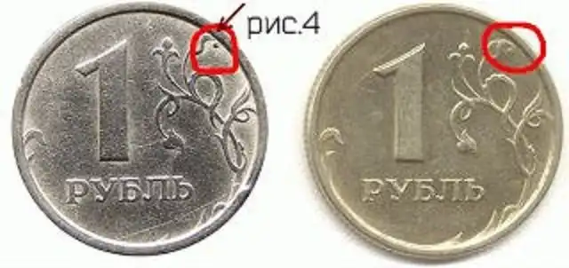 Легендарная пятирублевка имеет следующие отличительные признаки: скругленный верхний левый угол цифры «5», ее гаста справа имеет острые углы, заостренные ступеньки в нижней части букв слова «РУБЛЕЙ», лист растения касается канта, точка малая, маленький овальный знак монетного двора (рис.10).
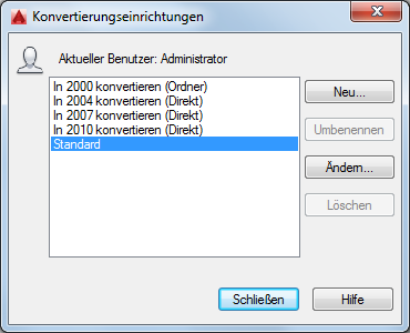 Zeigt das Dialogfeld Konvertierungseinrichtung ändern an, in dem Sie Optionen für die Konvertierung der ausgewählten Zeichnung festlegen können.
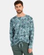 Pijama de teixit de punt cotó 100%. Compost per jaqueta tipus jersei geomètric de color verd, màniga llarga i amb coll tapeta de botons. Pantalons també en teixit de punt cotó 100% acabat amb punys i cordó ajustable a la cintura en color verd, amb dues butxaques als laterals.
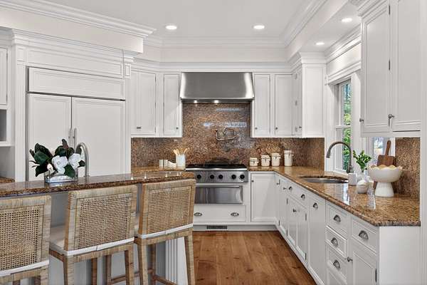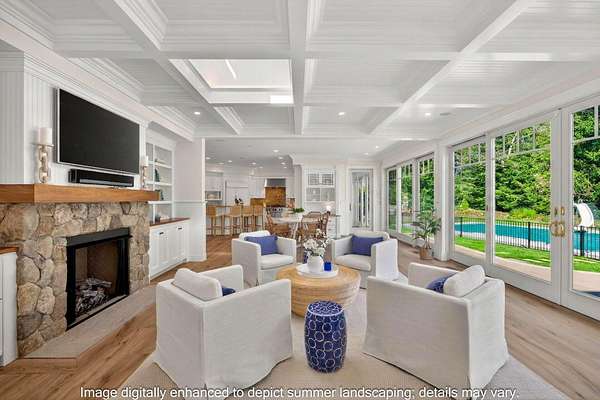 Set on 3.4 acres of meticulously landscaped grounds in Osterville's coveted Seapuit neighborhood, this magnificent Colonial estate offers the best of modern living on a grand scale. The five-bedroom main residence showcases architectural splendor and attention to detail throughout, with seamless access to expansive outdoor living spaces. Rivaling a private resort, the grounds boast rolling lawns, a sports court, a dazzling swimming pool, and a poolside guest house with a kitchenette and two en suite bedrooms. On the main level of the home, an eat-in chef's kitchen opens to a stunning great room with a grand stone fireplace and glass doors that seamlessly connect to the pool area. The first-floor primary suite offers comfort and convenience with a sumptuous bathroom and access to a private patio overlooking the gardens. On the second level, four well-appointed guest bedrooms provide refined accommodations for family and guests, with additional bonus space for any occasion. Ideal for the car collector, the home is equipped with an attached three-car garage and drive-in lower level offering additional storage or a workspace. Located minutes from everything Osterville has to offer, this exceptional lifestyle property is ready to be enjoyed.
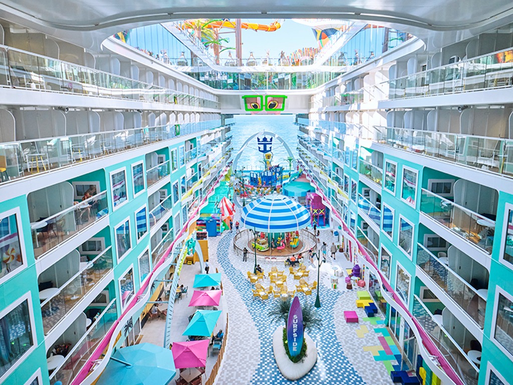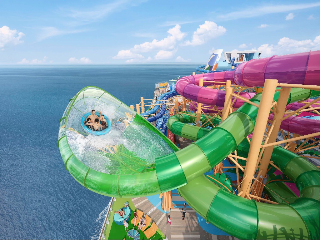 On deck is everything from the six adrenaline-pumping waterslides at Category 6 waterpark and seven pools – one for every day of the week – to the Surfside neighbourhood designed for young families and what will be one of only two suspended infinity pools at sea – the adults-only Hideaway.
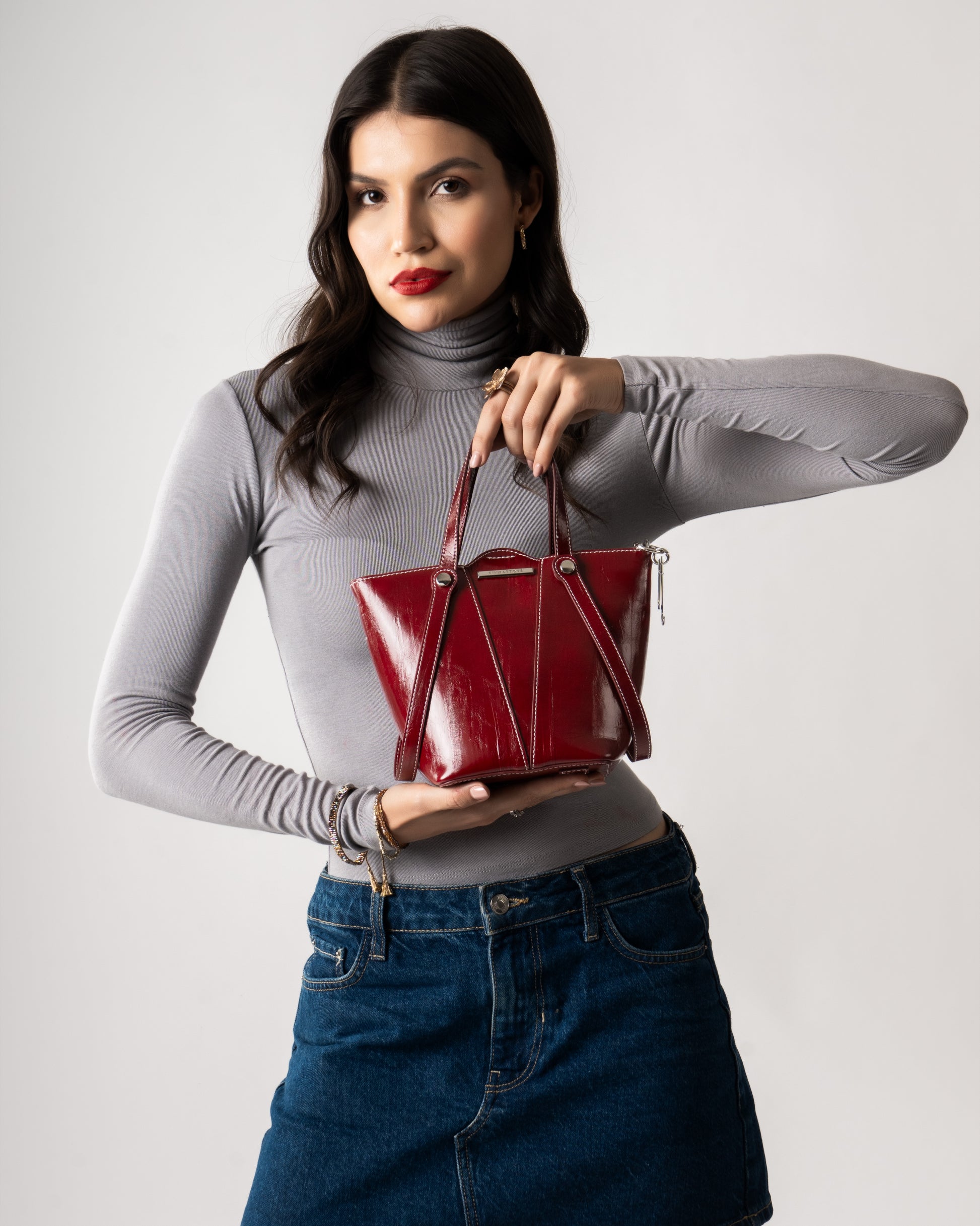 The Red Hot Shine Satchel offers a powerful blend of glamour and versatility, with its deep ruby hue and lustrous finish. The unique chain detailing adds a touch of modern edge, while the spacious design makes it perfect for day or night.
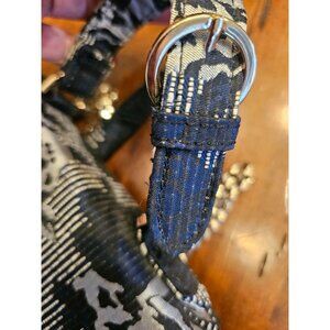 This stylish crossbody bag features a navy blue and white floral design, perfect for adding a touch of elegance to any outfit. Its compact size makes it ideal for everyday use or special occasions.
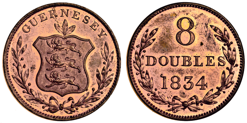 Guernsey, William IV, 8-Doubles, 1834, shield above wreath, rev. value within wreath (Prid 1a; S.7200), full lustre, uncirculated
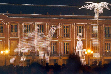 哥伦比亚首都波哥大的市民聚集在玻利瓦尔广场观看装饰的多姿多彩的节日彩灯。
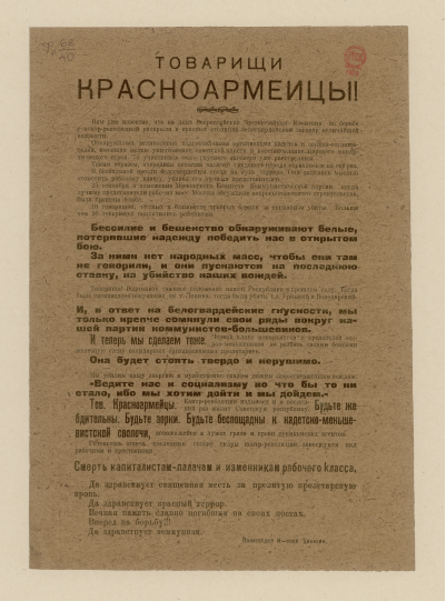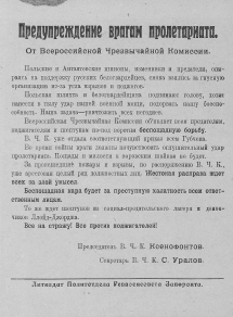 КнигаПредупреждение врагам пролетариата от Всероссийской чрезвычайной комиссии : [листовка][1920]Наличие: Экземпляры доступные для заказа: РНБ (Садовая)Шифр хранения: ФЛ 11/159 (1).
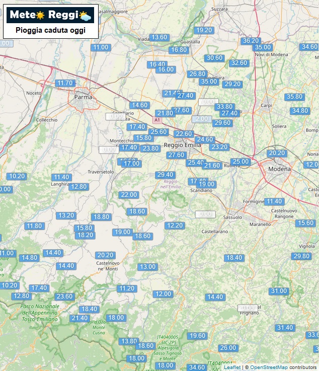 Chi ama l'Estate dissentirà sicuramente da quanto abbiamo affermato, ma basterà portare pazienza qualche giorno e il caldo farà il suo ritorno con convinzione e già da domani il Sole sarà protagonista in cielo. Temperature minime di tutt'altro genere rispetto alla notte tropicale di 24 ore fa: Minime Odierne _______________ 9,9°C a Ospitaletto 10,3°C a Febbio 10,7°C a Civago 11,5°C a Ligonchio 12,0°C a Castelnovo ne' Monti 12,1°C a Sarzano 12,1°C a Gombio 12,4°C a Collagna 12,6°C a Ramiseto 12,7°C a Villa Minozzo 12,8°C a Carpineti 13,1°C a Roncovetro 13,3°C a Baiso 13,3°C a Canossa 14,4°C a Ponte Cavola 14,8°C a San Valentino di Castellarano 14,9°C a Broletto di Albinea 15,1°C a Arceto 15,3°C a Bosco di Scandiano 15,3°C a San Bartolomeo 15,3°C a Quattro Castella 15,4°C a Scandiano 15,4°C a Bibbiano 15,4°C a Canali 15,6°C a Castellazzo 15,6°C a Montecchio Emilia 15,7°C a Codemondo 15,7°C a RCF Arena - San Maurizio 15,9°C a Cavriago 16,0°C a Roncocesi 16,0°C a Correggio 16,0°C a Prato di Correggio 16,1°C a Massenzatico 16,2°C a Reggio nell'Emilia 16,3°C a Sant'Ilario d'Enza 16,4°C a San Martino in Rio 16,4°C a Fabbrico 16,4°C a Novellara 16,4°C a Sesso 16,4°C a Villa Argine 16,5°C a Bagnolo in Piano 16,5°C a Rio Saliceto 16,6°C a Guastalla 16,6°C a Rolo 16,6°C a Cadelbosco 16,7°C a Santa Maria della Fossa 16,7°C a Santa Vittoria 16,8°C a Gualtieri 16,8°C a Reggiolo 16,8°C a Poviglio 16,8°C a Castelnovo di Sotto Ed ecco gli accumuli di pioggia sulla Provincia: 36.20 mm a Reggiolo 35.00 mm a Rolo 35.00 mm a Santa Maria della Fossa 33.80 mm a San Martino in Rio 32.60 mm a Fabbrico 30.60 mm a Novellara 29.60 mm a Prato di Correggio 29.40 mm a Broletto di Albinea 29.20 mm a Rio Saliceto 27.60 mm a Canali 27.60 mm a Sesso 27.40 mm a Villa Argine 27.40 mm a Correggio 26.80 mm a Santa Vittoria 25.60 mm a Codemondo 25.40 mm a Bosco di Scandiano 24.60 mm a RCF Arena - San Maurizio 23.80 mm a San Bartolomeo 23.60 mm a Collagna 23.20 mm a Castellazzo 22.60 mm a Reggio nell'Emilia 22.00 mm a Canossa 21.80 mm a Roncocesi 21.60 mm a Arceto 21.40 mm a Ospitaletto 21.40 mm a Cadelbosco 20.20 mm a Castelnovo ne' Monti 19.20 mm a Guastalla 19.00 mm a Gombio 19.00 mm a Scandiano 18.80 mm a Roncovetro 18.60 mm a Carpineti 18.60 mm a Sarzano 18.40 mm a Ligonchio 18.20 mm a Vetto 18.00 mm a Febbio 17.40 mm a Ca' de Caroli 17.40 mm a Succiso 17.40 mm a Montecchio Emilia 17.40 mm a Bibbiano 17.00 mm a Quattro Castella 16.80 mm a Gualtieri 16.60 mm a Quattro Castella 16.40 mm a Poviglio 16.00 mm a Castelnovo di Sotto 15.80 mm a Cavriago 15.80 mm a Vetto 14.60 mm a Sant'Ilario d'Enza 14.40 mm a Ramiseto 13.80 mm a Civago 13.60 mm a Boretto 13.00 mm a Ponte Cavola 12.20 mm a Baiso 11.20 mm a Villa Minozzo

### WHAT YOU NEED TO DO
Copy the records above exactly, leaving out every picture.

### EXERCISE SOLUTION
 Легендарная пятирублевка имеет следующие отличительные признаки: скругленный верхний левый угол цифры «5», ее гаста справа имеет острые углы, заостренные ступеньки в нижней части букв слова «РУБЛЕЙ», лист растения касается канта, точка малая, маленький овальный знак монетного двора (рис.10).
 Zeigt das Dialogfeld Konvertierungseinrichtung ändern an, in dem Sie Optionen für die Konvertierung der ausgewählten Zeichnung festlegen können.
 Pijama de teixit de punt cotó 100%. Compost per jaqueta tipus jersei geomètric de color verd, màniga llarga i amb coll tapeta de botons. Pantalons també en teixit de punt cotó 100% acabat amb punys i cordó ajustable a la cintura en color verd, amb dues butxaques als laterals.
 Set on 3.4 acres of meticulously landscaped grounds in Osterville's coveted Seapuit neighborhood, this magnificent Colonial estate offers the best of modern living on a grand scale. The five-bedroom main residence showcases architectural splendor and attention to detail throughout, with seamless access to expansive outdoor living spaces. Rivaling a private resort, the grounds boast rolling lawns, a sports court, a dazzling swimming pool, and a poolside guest house with a kitchenette and two en suite bedrooms. On the main level of the home, an eat-in chef's kitchen opens to a stunning great room with a grand stone fireplace and glass doors that seamlessly connect to the pool area. The first-floor primary suite offers comfort and convenience with a sumptuous bathroom and access to a private patio overlooking the gardens. On the second level, four well-appointed guest bedrooms provide refined accommodations for family and guests, with additional bonus space for any occasion. Ideal for the car collector, the home is equipped with an attached three-car garage and drive-in lower level offering additional storage or a workspace. Located minutes from everything Osterville has to offer, this exceptional lifestyle property is ready to be enjoyed.
 On deck is everything from the six adrenaline-pumping waterslides at Category 6 waterpark and seven pools – one for every day of the week – to the Surfside neighbourhood designed for young families and what will be one of only two suspended infinity pools at sea – the adults-only Hideaway.
 The Red Hot Shine Satchel offers a powerful blend of glamour and versatility, with its deep ruby hue and lustrous finish. The unique chain detailing adds a touch of modern edge, while the spacious design makes it perfect for day or night.
 This stylish crossbody bag features a navy blue and white floral design, perfect for adding a touch of elegance to any outfit. Its compact size makes it ideal for everyday use or special occasions.
 Guernsey, William IV, 8-Doubles, 1834, shield above wreath, rev. value within wreath (Prid 1a; S.7200), full lustre, uncirculated
 哥伦比亚首都波哥大的市民聚集在玻利瓦尔广场观看装饰的多姿多彩的节日彩灯。
 КнигаПредупреждение врагам пролетариата от Всероссийской чрезвычайной комиссии : [листовка][1920]Наличие: Экземпляры доступные для заказа: РНБ (Садовая)Шифр хранения: ФЛ 11/159 (1).
 Chi ama l'Estate dissentirà sicuramente da quanto abbiamo affermato, ma basterà portare pazienza qualche giorno e il caldo farà il suo ritorno con convinzione e già da domani il Sole sarà protagonista in cielo. Temperature minime di tutt'altro genere rispetto alla notte tropicale di 24 ore fa: Minime Odierne _______________ 9,9°C a Ospitaletto 10,3°C a Febbio 10,7°C a Civago 11,5°C a Ligonchio 12,0°C a Castelnovo ne' Monti 12,1°C a Sarzano 12,1°C a Gombio 12,4°C a Collagna 12,6°C a Ramiseto 12,7°C a Villa Minozzo 12,8°C a Carpineti 13,1°C a Roncovetro 13,3°C a Baiso 13,3°C a Canossa 14,4°C a Ponte Cavola 14,8°C a San Valentino di Castellarano 14,9°C a Broletto di Albinea 15,1°C a Arceto 15,3°C a Bosco di Scandiano 15,3°C a San Bartolomeo 15,3°C a Quattro Castella 15,4°C a Scandiano 15,4°C a Bibbiano 15,4°C a Canali 15,6°C a Castellazzo 15,6°C a Montecchio Emilia 15,7°C a Codemondo 15,7°C a RCF Arena - San Maurizio 15,9°C a Cavriago 16,0°C a Roncocesi 16,0°C a Correggio 16,0°C a Prato di Correggio 16,1°C a Massenzatico 16,2°C a Reggio nell'Emilia 16,3°C a Sant'Ilario d'Enza 16,4°C a San Martino in Rio 16,4°C a Fabbrico 16,4°C a Novellara 16,4°C a Sesso 16,4°C a Villa Argine 16,5°C a Bagnolo in Piano 16,5°C a Rio Saliceto 16,6°C a Guastalla 16,6°C a Rolo 16,6°C a Cadelbosco 16,7°C a Santa Maria della Fossa 16,7°C a Santa Vittoria 16,8°C a Gualtieri 16,8°C a Reggiolo 16,8°C a Poviglio 16,8°C a Castelnovo di Sotto Ed ecco gli accumuli di pioggia sulla Provincia: 36.20 mm a Reggiolo 35.00 mm a Rolo 35.00 mm a Santa Maria della Fossa 33.80 mm a San Martino in Rio 32.60 mm a Fabbrico 30.60 mm a Novellara 29.60 mm a Prato di Correggio 29.40 mm a Broletto di Albinea 29.20 mm a Rio Saliceto 27.60 mm a Canali 27.60 mm a Sesso 27.40 mm a Villa Argine 27.40 mm a Correggio 26.80 mm a Santa Vittoria 25.60 mm a Codemondo 25.40 mm a Bosco di Scandiano 24.60 mm a RCF Arena - San Maurizio 23.80 mm a San Bartolomeo 23.60 mm a Collagna 23.20 mm a Castellazzo 22.60 mm a Reggio nell'Emilia 22.00 mm a Canossa 21.80 mm a Roncocesi 21.60 mm a Arceto 21.40 mm a Ospitaletto 21.40 mm a Cadelbosco 20.20 mm a Castelnovo ne' Monti 19.20 mm a Guastalla 19.00 mm a Gombio 19.00 mm a Scandiano 18.80 mm a Roncovetro 18.60 mm a Carpineti 18.60 mm a Sarzano 18.40 mm a Ligonchio 18.20 mm a Vetto 18.00 mm a Febbio 17.40 mm a Ca' de Caroli 17.40 mm a Succiso 17.40 mm a Montecchio Emilia 17.40 mm a Bibbiano 17.00 mm a Quattro Castella 16.80 mm a Gualtieri 16.60 mm a Quattro Castella 16.40 mm a Poviglio 16.00 mm a Castelnovo di Sotto 15.80 mm a Cavriago 15.80 mm a Vetto 14.60 mm a Sant'Ilario d'Enza 14.40 mm a Ramiseto 13.80 mm a Civago 13.60 mm a Boretto 13.00 mm a Ponte Cavola 12.20 mm a Baiso 11.20 mm a Villa Minozzo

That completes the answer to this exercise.